Data extracted from a collection:
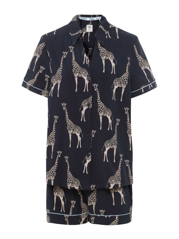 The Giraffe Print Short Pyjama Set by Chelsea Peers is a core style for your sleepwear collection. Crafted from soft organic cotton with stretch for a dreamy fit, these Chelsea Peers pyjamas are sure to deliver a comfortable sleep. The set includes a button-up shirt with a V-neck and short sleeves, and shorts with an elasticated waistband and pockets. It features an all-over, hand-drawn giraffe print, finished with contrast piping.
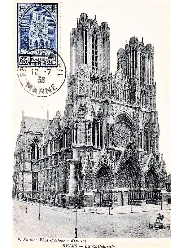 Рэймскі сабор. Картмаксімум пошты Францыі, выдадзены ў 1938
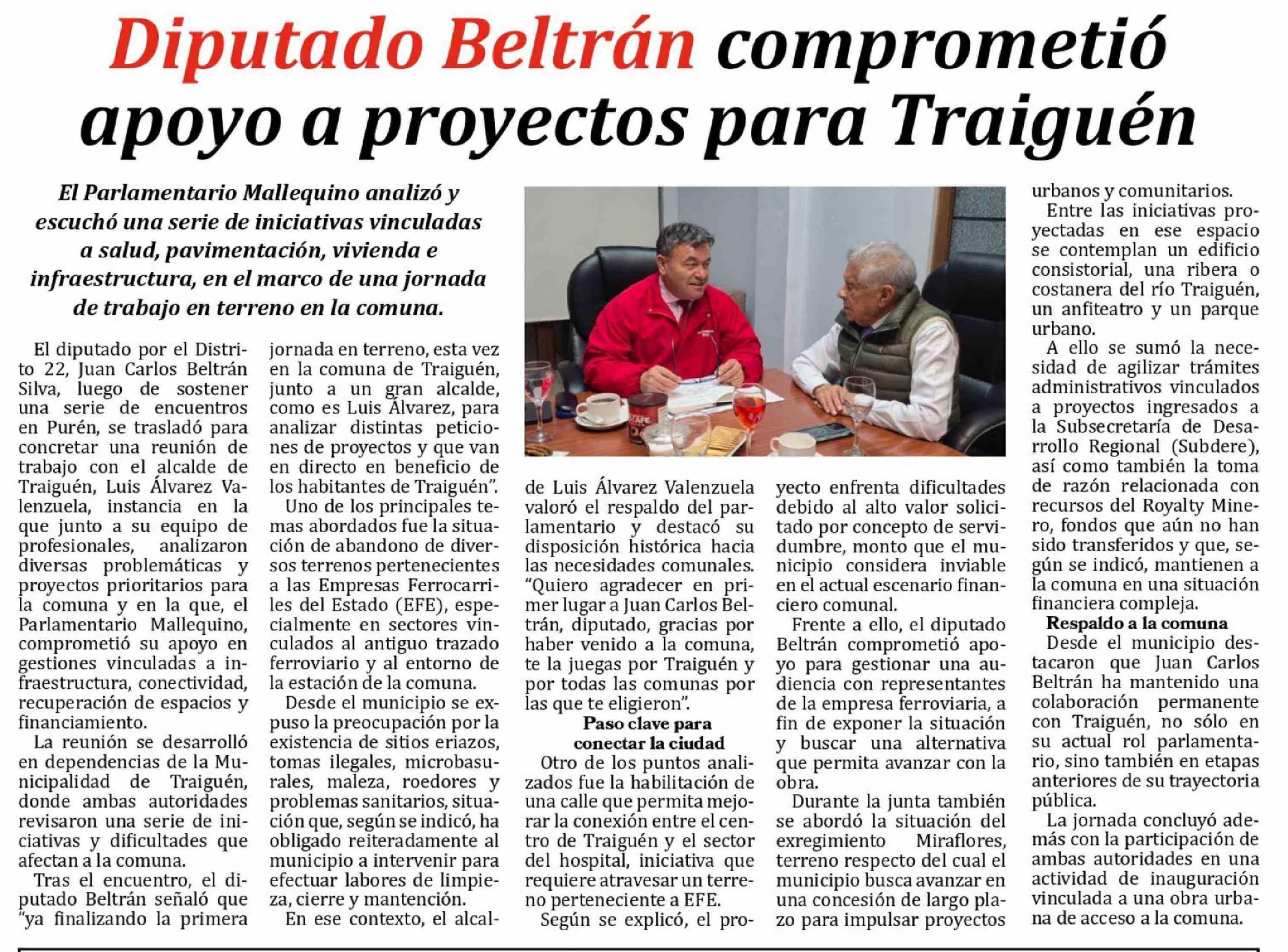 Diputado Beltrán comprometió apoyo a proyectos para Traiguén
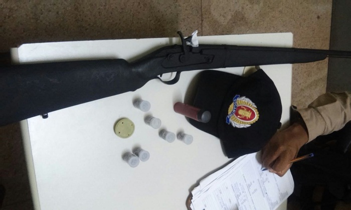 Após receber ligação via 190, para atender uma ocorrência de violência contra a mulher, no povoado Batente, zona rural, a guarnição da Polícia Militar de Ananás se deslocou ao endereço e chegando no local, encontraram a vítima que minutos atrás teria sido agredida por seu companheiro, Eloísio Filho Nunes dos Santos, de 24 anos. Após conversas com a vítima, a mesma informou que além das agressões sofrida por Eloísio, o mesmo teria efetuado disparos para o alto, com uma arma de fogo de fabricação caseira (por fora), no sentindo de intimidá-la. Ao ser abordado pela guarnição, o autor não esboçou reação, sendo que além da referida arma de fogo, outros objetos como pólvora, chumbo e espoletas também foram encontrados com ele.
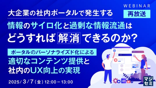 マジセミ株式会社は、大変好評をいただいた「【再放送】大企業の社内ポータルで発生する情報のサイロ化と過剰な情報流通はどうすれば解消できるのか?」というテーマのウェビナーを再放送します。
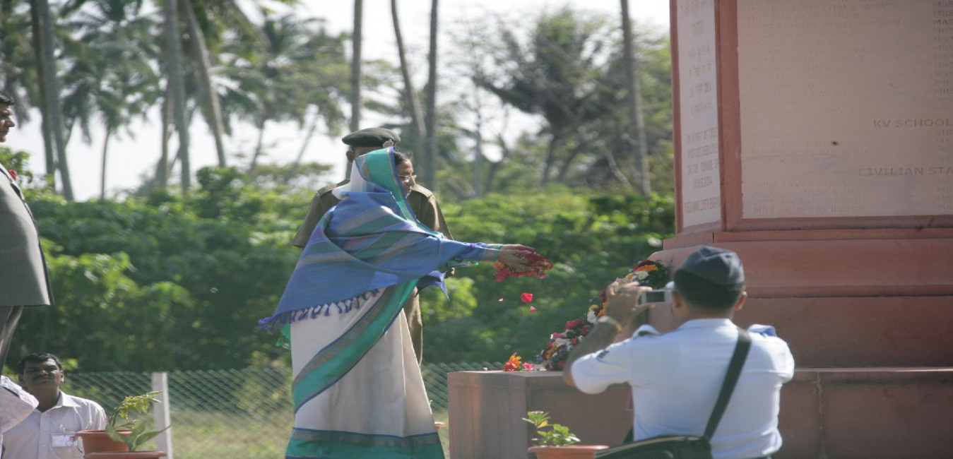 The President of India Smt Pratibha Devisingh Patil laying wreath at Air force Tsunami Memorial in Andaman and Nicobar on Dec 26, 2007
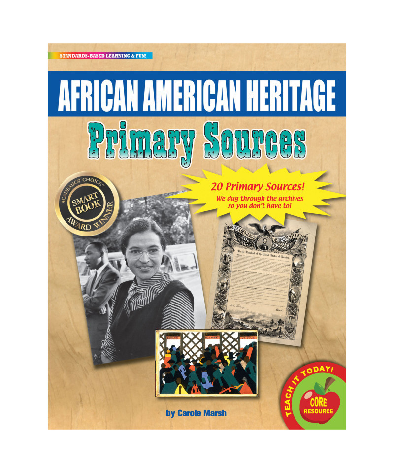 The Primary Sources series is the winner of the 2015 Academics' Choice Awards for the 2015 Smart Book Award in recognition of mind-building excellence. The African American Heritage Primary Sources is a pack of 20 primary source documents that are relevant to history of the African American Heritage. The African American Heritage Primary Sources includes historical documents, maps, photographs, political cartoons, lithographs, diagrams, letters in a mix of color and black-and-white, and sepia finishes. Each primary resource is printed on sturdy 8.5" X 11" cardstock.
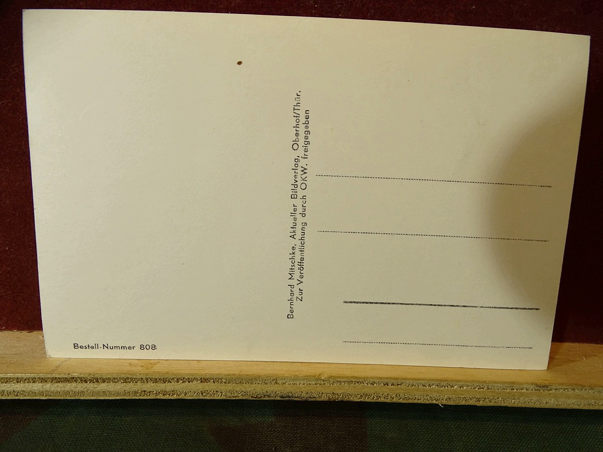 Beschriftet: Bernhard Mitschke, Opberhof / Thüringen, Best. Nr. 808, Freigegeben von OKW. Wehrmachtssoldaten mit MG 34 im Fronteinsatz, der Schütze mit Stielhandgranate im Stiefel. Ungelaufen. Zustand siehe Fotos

§ **Your goal**:
Repeat every record above exactly. Omit the pictures.

§ **Output for this exercise**:
 The Giraffe Print Short Pyjama Set by Chelsea Peers is a core style for your sleepwear collection. Crafted from soft organic cotton with stretch for a dreamy fit, these Chelsea Peers pyjamas are sure to deliver a comfortable sleep. The set includes a button-up shirt with a V-neck and short sleeves, and shorts with an elasticated waistband and pockets. It features an all-over, hand-drawn giraffe print, finished with contrast piping.
 Рэймскі сабор. Картмаксімум пошты Францыі, выдадзены ў 1938
 Diputado Beltrán comprometió apoyo a proyectos para Traiguén
 Após receber ligação via 190, para atender uma ocorrência de violência contra a mulher, no povoado Batente, zona rural, a guarnição da Polícia Militar de Ananás se deslocou ao endereço e chegando no local, encontraram a vítima que minutos atrás teria sido agredida por seu companheiro, Eloísio Filho Nunes dos Santos, de 24 anos. Após conversas com a vítima, a mesma informou que além das agressões sofrida por Eloísio, o mesmo teria efetuado disparos para o alto, com uma arma de fogo de fabricação caseira (por fora), no sentindo de intimidá-la. Ao ser abordado pela guarnição, o autor não esboçou reação, sendo que além da referida arma de fogo, outros objetos como pólvora, chumbo e espoletas também foram encontrados com ele.
 マジセミ株式会社は、大変好評をいただいた「【再放送】大企業の社内ポータルで発生する情報のサイロ化と過剰な情報流通はどうすれば解消できるのか?」というテーマのウェビナーを再放送します。
 The President of India Smt Pratibha Devisingh Patil laying wreath at Air force Tsunami Memorial in Andaman and Nicobar on Dec 26, 2007
 The Primary Sources series is the winner of the 2015 Academics' Choice Awards for the 2015 Smart Book Award in recognition of mind-building excellence. The African American Heritage Primary Sources is a pack of 20 primary source documents that are relevant to history of the African American Heritage. The African American Heritage Primary Sources includes historical documents, maps, photographs, political cartoons, lithographs, diagrams, letters in a mix of color and black-and-white, and sepia finishes. Each primary resource is printed on sturdy 8.5" X 11" cardstock.
 Beschriftet: Bernhard Mitschke, Opberhof / Thüringen, Best. Nr. 808, Freigegeben von OKW. Wehrmachtssoldaten mit MG 34 im Fronteinsatz, der Schütze mit Stielhandgranate im Stiefel. Ungelaufen. Zustand siehe Fotos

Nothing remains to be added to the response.